Dois dias se passaram desde o ataque, dias tranquilos e ao mesmo tempo extremamente corridos. Há anos uma visita tão importante não ia ao palácio, normalmente a família Burton é que se deslocava até o outro continente.
Aquilo tudo me tirava da minha zona de conforto, sempre fui brincalhona com tudo e todos, tinha um humor ácido e muito sarcástico. Não me importava com as consequências do dia seguinte, por isso saia as escondidas com meu fiel amigo e o mais improvável também, Rony... Okay, talvez não tão improvável.
O fato é que eu odiava nosso visitante antes mesmo de sua chegada, sentia falta da pessoa que sempre fui e que, por causa do estresse, agora era séria e muito irritadiça. Havia pouco tempo que me sentia assim, mas já me fazia falta aquela Malu verdadeira. Todos estavam assim, ninguém escapava. Cheguei a acreditar que fosse alguma coisa na água que causasse esse efeito colateral.

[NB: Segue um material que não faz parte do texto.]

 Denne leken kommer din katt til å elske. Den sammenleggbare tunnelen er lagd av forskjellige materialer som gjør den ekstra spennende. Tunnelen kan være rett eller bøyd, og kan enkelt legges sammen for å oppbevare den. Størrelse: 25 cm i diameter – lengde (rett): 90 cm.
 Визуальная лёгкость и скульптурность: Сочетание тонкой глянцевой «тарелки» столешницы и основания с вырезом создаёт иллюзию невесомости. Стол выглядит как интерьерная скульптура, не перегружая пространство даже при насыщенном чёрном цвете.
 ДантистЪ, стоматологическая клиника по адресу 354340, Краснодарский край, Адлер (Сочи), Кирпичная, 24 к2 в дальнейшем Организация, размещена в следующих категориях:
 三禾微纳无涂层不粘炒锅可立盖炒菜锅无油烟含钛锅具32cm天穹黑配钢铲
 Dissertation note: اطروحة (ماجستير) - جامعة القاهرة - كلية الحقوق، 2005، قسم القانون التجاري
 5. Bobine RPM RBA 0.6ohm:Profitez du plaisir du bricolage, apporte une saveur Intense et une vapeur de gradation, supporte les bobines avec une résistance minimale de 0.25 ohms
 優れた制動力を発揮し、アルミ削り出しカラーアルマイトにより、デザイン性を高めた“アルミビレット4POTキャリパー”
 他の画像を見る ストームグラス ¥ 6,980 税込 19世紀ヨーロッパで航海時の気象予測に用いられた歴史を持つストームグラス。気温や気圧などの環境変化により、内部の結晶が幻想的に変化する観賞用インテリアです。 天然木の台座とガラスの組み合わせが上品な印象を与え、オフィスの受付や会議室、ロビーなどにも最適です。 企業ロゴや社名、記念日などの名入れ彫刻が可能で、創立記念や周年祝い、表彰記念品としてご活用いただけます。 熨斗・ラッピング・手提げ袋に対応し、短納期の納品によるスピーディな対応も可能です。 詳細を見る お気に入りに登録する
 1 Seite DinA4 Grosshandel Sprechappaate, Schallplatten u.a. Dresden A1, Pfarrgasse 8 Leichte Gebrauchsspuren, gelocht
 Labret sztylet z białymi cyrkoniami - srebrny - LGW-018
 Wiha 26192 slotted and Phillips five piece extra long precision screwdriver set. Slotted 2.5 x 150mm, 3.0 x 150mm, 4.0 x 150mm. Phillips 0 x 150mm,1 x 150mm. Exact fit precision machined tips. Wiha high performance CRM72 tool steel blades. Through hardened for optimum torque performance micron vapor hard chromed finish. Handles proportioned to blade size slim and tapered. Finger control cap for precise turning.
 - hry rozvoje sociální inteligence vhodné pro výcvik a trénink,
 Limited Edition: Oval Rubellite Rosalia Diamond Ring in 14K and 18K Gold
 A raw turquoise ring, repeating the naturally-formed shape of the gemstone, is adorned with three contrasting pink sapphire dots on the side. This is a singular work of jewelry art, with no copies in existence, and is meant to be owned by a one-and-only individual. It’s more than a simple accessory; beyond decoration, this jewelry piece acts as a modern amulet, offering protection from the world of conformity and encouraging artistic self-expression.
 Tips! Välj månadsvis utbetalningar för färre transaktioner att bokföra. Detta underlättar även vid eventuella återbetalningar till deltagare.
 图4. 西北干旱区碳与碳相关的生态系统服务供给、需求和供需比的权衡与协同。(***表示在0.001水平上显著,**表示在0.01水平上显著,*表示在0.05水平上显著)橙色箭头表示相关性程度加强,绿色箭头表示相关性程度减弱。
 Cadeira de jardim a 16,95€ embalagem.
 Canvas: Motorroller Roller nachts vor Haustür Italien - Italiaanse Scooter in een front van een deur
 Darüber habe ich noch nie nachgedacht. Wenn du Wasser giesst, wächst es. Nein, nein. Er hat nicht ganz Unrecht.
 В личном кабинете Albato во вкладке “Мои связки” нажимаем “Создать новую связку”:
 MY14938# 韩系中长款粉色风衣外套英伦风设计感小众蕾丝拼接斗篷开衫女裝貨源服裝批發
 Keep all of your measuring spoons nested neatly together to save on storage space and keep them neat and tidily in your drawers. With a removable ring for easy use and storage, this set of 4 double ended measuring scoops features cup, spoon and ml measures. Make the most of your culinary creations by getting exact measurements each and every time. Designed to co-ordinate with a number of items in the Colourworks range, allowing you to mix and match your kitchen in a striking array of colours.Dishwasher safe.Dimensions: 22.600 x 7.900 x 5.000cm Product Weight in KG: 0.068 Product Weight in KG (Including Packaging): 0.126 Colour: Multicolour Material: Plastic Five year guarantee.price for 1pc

Aquele dia tinha começado da pior forma possível. Alice acordou verde como um abacate, passando mal do estômago. Tratei de cumprir meu dever como dama de companhia e amiga, mas a ingrata decidiu que desperdiçaria todo seu café da manhã, preparado com tanto amor, em minhas roupas. Raramente usava vestidos no dia-a-dia, e justamente naquele dia resolvi ser uma "dama". Essa já era uma prova viva do universo me dizendo que fico melhor de calças mesmo. Vestidos não combinam nada comigo, eles são para a realeza e eu não faço parte dela.
Após a cena do vômito, chamei uma das minhas colegas de trabalho para permanecer com a princesa enquanto eu levava os utensílios sujos da limpeza para a cozinha e trocava de roupa. Mais uma vez a lei de Murphy apareceu. Enquanto descia um dos lances de escada me distrai e pisei em falso. Rolei os últimos degraus da escada que faltavam, o balde com toda a sujeira saiu voando de minha mão e acabou com todo o brilho do piso branco e das paredes. Meu vestido sujo, combinado com o chão imundo e um belo tombo. A cereja do bolo foi perceber que, além dos guardas, Rony estava lá com alguns amigos que olhavam intrigados, ponderando se era seguro rir ou se seria necessário chamar direto o serviço funerário. Tive vontade de pedir a segunda opção, mas eles infelizmente escolheram a primeira ao perceberem que eu ainda me encontrava viva. Devido a muita intimidade que existia entre nós todos, já que frequentavamos os mesmos bares, shows e tudo o mais.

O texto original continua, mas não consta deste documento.